## Excerpted data
_ _ _ _
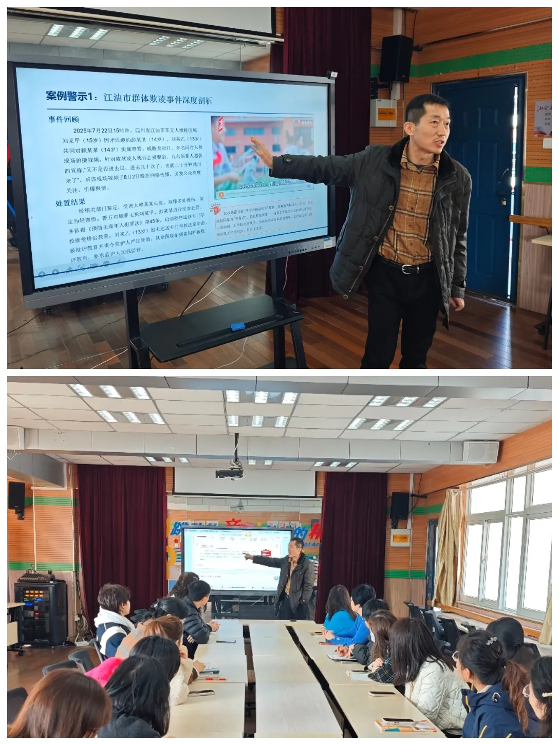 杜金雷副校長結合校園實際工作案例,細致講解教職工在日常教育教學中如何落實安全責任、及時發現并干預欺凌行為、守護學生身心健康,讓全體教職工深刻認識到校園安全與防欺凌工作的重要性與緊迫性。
_ _ _ _
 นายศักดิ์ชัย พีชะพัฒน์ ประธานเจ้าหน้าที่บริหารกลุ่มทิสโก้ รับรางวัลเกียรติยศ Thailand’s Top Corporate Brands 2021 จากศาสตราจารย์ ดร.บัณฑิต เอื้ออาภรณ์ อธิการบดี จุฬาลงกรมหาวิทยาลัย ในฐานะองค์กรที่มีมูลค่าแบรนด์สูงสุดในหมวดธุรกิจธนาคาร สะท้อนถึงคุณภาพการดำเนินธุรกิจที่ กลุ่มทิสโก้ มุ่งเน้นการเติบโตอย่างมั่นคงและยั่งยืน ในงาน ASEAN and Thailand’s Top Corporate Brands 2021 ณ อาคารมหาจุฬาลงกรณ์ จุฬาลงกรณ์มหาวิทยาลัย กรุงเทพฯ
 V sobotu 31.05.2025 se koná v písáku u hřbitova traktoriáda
_ _ _ _
## Required action
There is a run of lines above from the one with "นายศักดิ์ชัย พีชะพัฒน์ ประธานเจ้าหน้าที่บริหารกลุ่มทิสโก้" to the one with "V sobotu 31.05.2025"; print exactly that run, both ends included, and nothing else.

## Answer area
 นายศักดิ์ชัย พีชะพัฒน์ ประธานเจ้าหน้าที่บริหารกลุ่มทิสโก้ รับรางวัลเกียรติยศ Thailand’s Top Corporate Brands 2021 จากศาสตราจารย์ ดร.บัณฑิต เอื้ออาภรณ์ อธิการบดี จุฬาลงกรมหาวิทยาลัย ในฐานะองค์กรที่มีมูลค่าแบรนด์สูงสุดในหมวดธุรกิจธนาคาร สะท้อนถึงคุณภาพการดำเนินธุรกิจที่ กลุ่มทิสโก้ มุ่งเน้นการเติบโตอย่างมั่นคงและยั่งยืน ในงาน ASEAN and Thailand’s Top Corporate Brands 2021 ณ อาคารมหาจุฬาลงกรณ์ จุฬาลงกรณ์มหาวิทยาลัย กรุงเทพฯ
 V sobotu 31.05.2025 se koná v písáku u hřbitova traktoriáda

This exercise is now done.